There are different ways in which W&B can be used to resume runs as detailed below:

  1. resume

    This is our recommended method for resuming runs with W&B.

    1. As described above, runs can be resumed by passingresume=True to wandb.init(). This can be thought of as auto-resuming, where we “automatically” pick up from where an aborted run left off. If your process doesn't exit successfully, the next time you run it W&B will start logging from the last step.
      • Note: This only works if you are running your script in the same directory as the one that failed as the file is stored at: wandb/wandb-resume.json.
    2. The other form of resume requires you to provide the actual run id: wandb.init(id=run_id) and then when you resume (if you want to be sure that it is resuming, you do wandb.init(id=run_id, resume="must").
      • You can also have full control over resuming if you manage the run_id. We provide a utility to generate run_id: wandb.util.generate_id(). As long as you set the id to one of these unique ids for each unique run, you can say resume="allow" and W&B will automatically resume the run with that id.

    More context regarding automatic and controlled resuming can be found in this section.

  2. wandb.restore

    • This will allow you to log new historical values for your metrics to a run starting from where you left off but does not take care of re-establishing the state of your code, you will need to make sure you have written checkpoints that you can load!
    • You can use wandb.save to record the state of your run via checkpoint files. Create a checkpoint file through wandb.save(), which can then be used through wandb.init(resume=<run-id>). This report illustrates how to save and restore models with W&B.

Automatic and controlled resuming

Automatic resuming only works if the process is restarted on top of the same filesystem as the failed process. If you can't share a filesystem, we allow you to set the WANDB_RUN_ID: a globally unique string (per project) corresponding to a single run of your script. It must be no longer than 64 characters. All non-word characters will be converted to dashes.
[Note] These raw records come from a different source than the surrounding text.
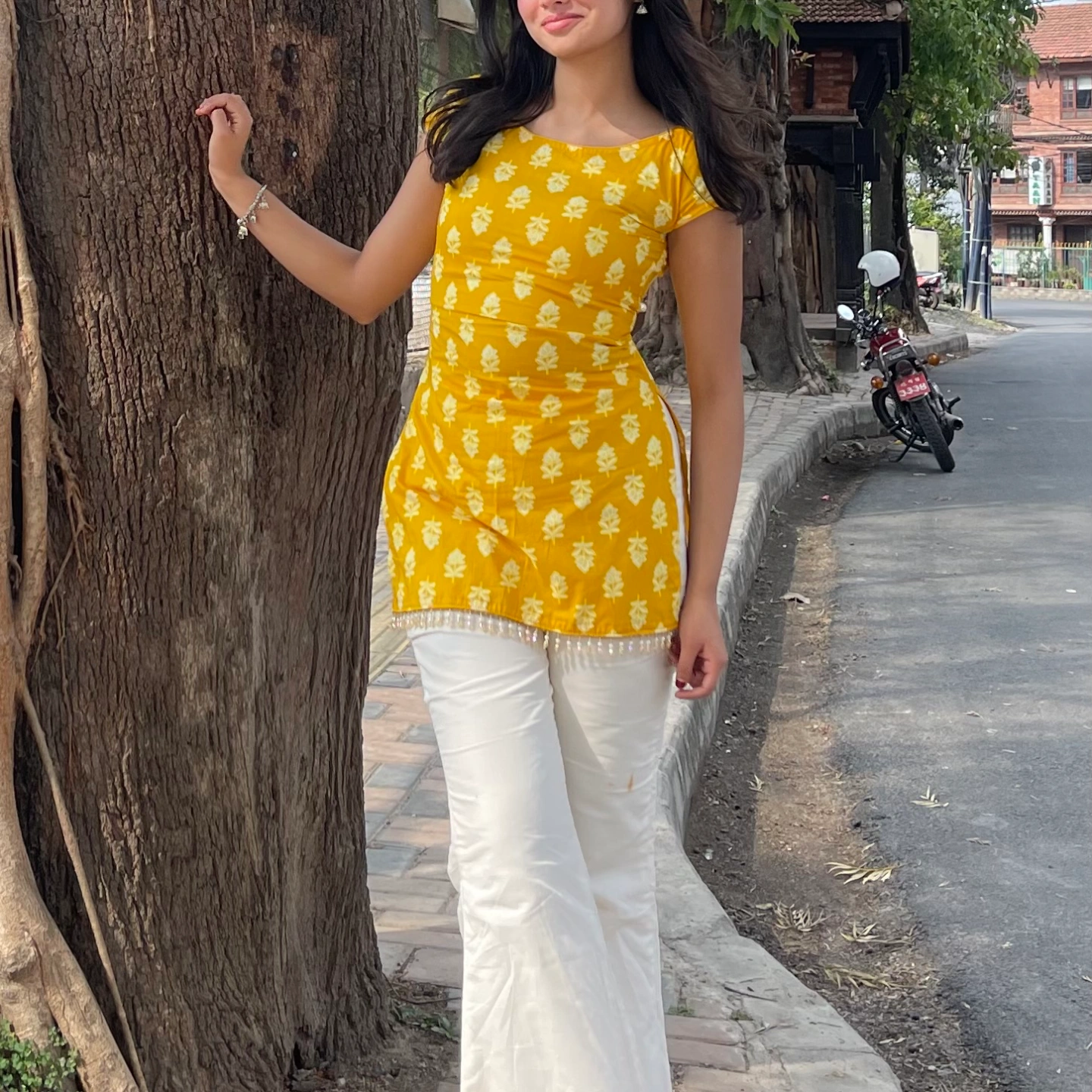 Inspired by the radiant beauty of the Sunflower, this kurti captures the essence of warmth and elegance. The rich mustard base is adorned with delicate floral motifs, creating a fresh and lively look. Crafted from soft, breathable fabric, it ensures comfort for all-day wear. The subtle detailing along the hem adds a refined touch, making it perfect for both casual outings and festive moments. Pair it with jeans or traditional bottoms for a stylish blend of modern and ethnic charm.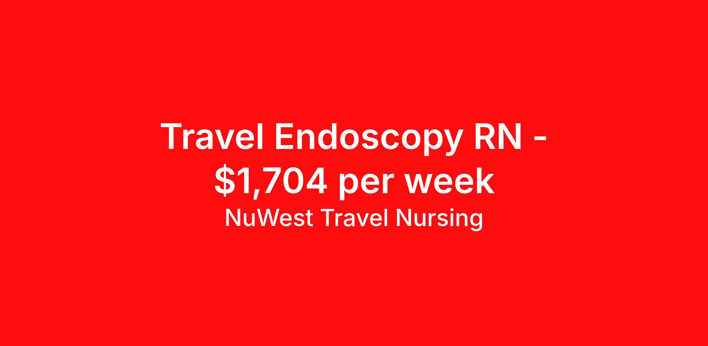 NuWest Travel Nursing is seeking a travel nurse RN Endoscopy for a travel nursing job in Anchorage, Alaska. Job Description & Requirements Specialty: Endoscopy Discipline: RN Duration: 13 weeks 36 hours per week Shift: 12 hours Employment Type: Travel We have a new assignment for RN - Endoscopy in Anchorage, AK and are interviewing ASAP. This is a travel assignment, 4x10 Days position at a great facility. Pay Range: $1565.86 - $1842.18 Per Week Benefits include medical, dental, vision, 401K, weekly direct deposit, and more! NuWest Travel Nursing Job ID 237457. Pay package is based on 12 hour shifts and 36 hours per week (subject to confirmation) with tax-free stipend amount to be determined.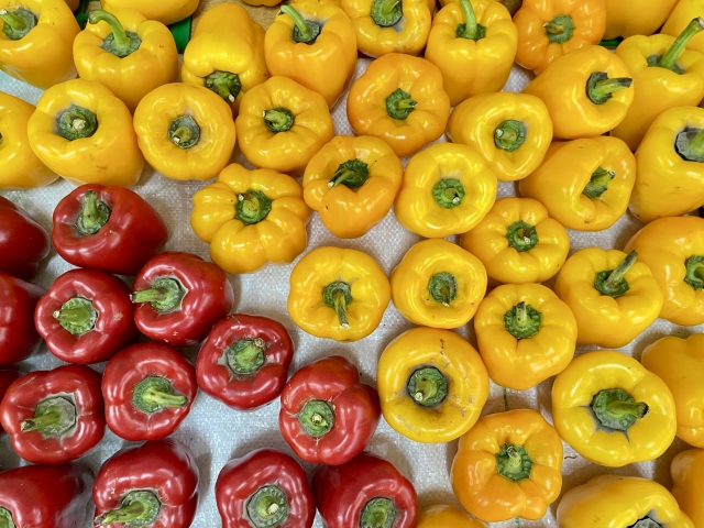 カラフルなパプリカと、緑のピーマン。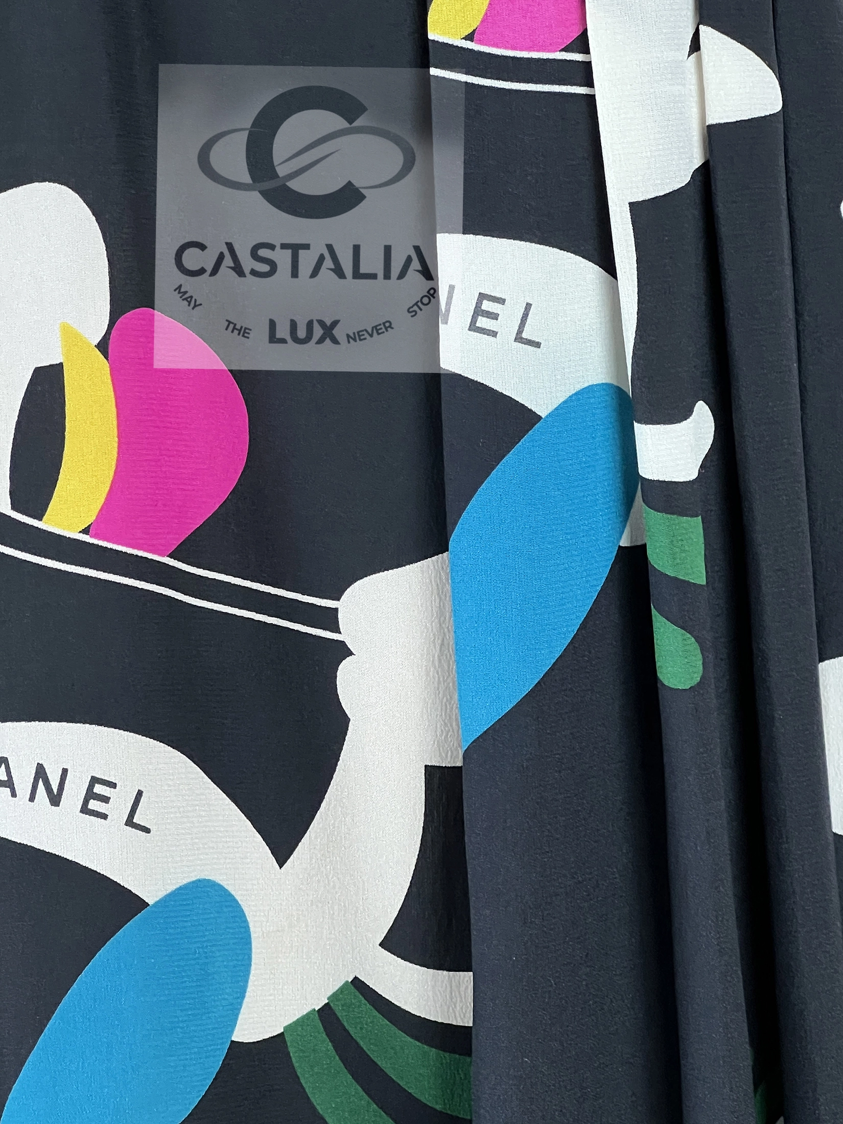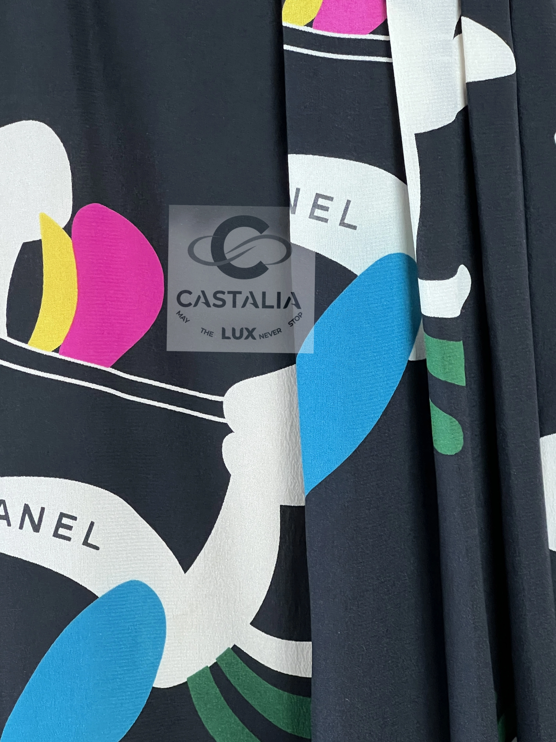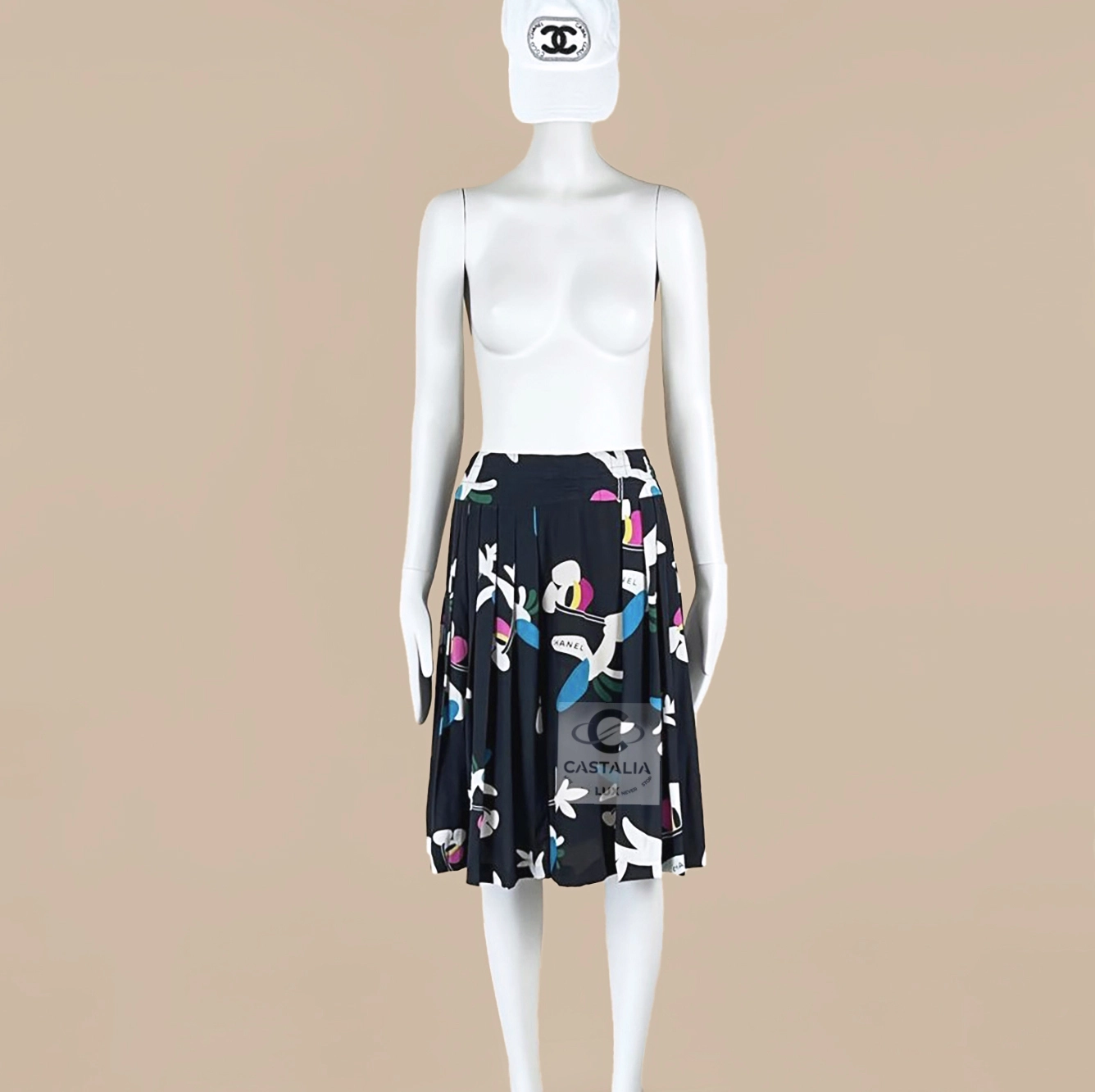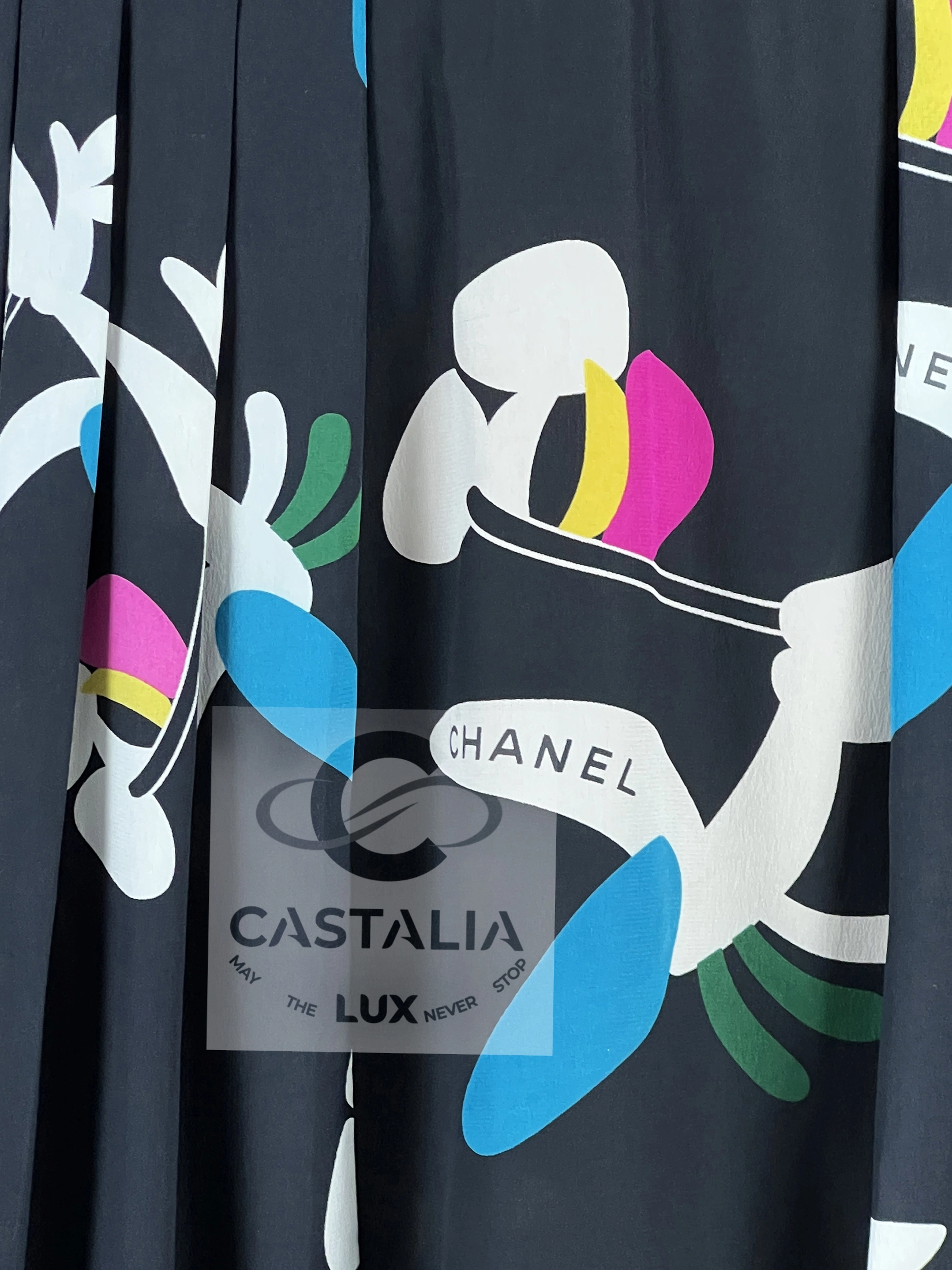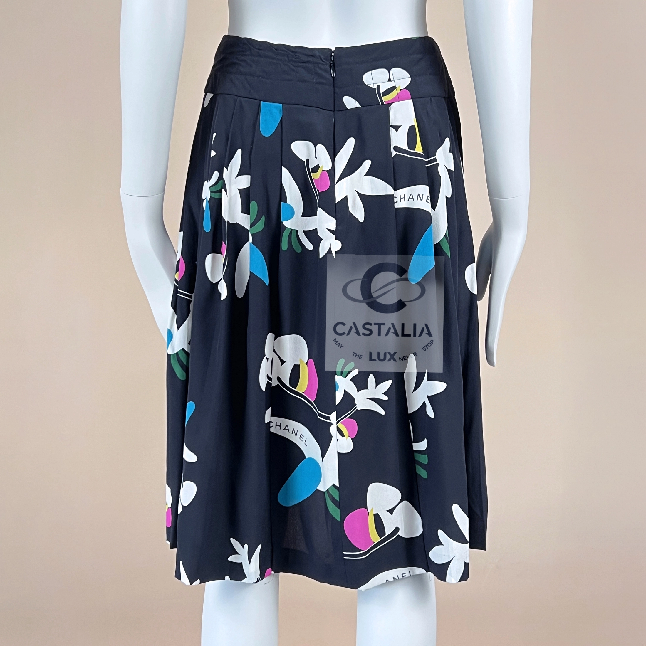 CHANEL Collectible Silk Skirt with Logo Planes Pattern

# store this id to use it later when resuming
id = wandb.util.generate_id()
wandb.init(id=id, resume="allow")
# or via environment variables
os.environ["WANDB_RESUME"] = "allow"
os.environ["WANDB_RUN_ID"] = wandb.util.generate_id()
wandb.init()

If you set WANDB_RESUME equal to "allow", you can always set WANDB_RUN_ID to a unique string and restarts of the process will be handled automatically. If you set WANDB_RESUME equal to "must", W&B will throw an error if the run to be resumed does not exist yet instead of auto-creating a new run.

caution

If multiple processes use the same run_id concurrently unexpected results will be recorded and rate limiting will occur.

info

If you resume a run and you have notes specified in wandb.init(), those notes will overwrite any notes that you have added in the UI.

info

Note that resuming a run which was executed as part of a Sweep is not supported.

Preemptible Sweeps

If you are running a sweep agent in a compute environment that is subject to preemption (e.g., a SLURM job in a preemptible queue, an EC2 spot instance, or a Google Cloud preemptible VM), you can automatically requeue your interrupted sweep runs, ensuring they will be retried until they run to completion.

When you learn your current run is about to be preempted, call

wandb.mark_preempting()

to immediately signal to the W&B backend that your run believes it is about to be preempted. If a run that is marked preempting exits with status code 0, W&B will consider the run to have terminated successfully and it will not be requeued. If a preempting run exits with a nonzero status, W&B will consider the run to have been preempted, and it will automatically append the run to a run queue associated with the sweep. If a run exits with no status, W&B will mark the run preempted 5 minutes after the run's final heartbeat, then add it to the sweep run queue. Sweep agents will consume runs off the run queue until the queue is exhausted, at which point they will resume generating new runs based on the standard sweep search algorithm.

By default, requeued runs begin logging from their initial step. To instruct a run to resume logging at the step where it was interrupted, initialize the resumed run with wandb.init(resume=True).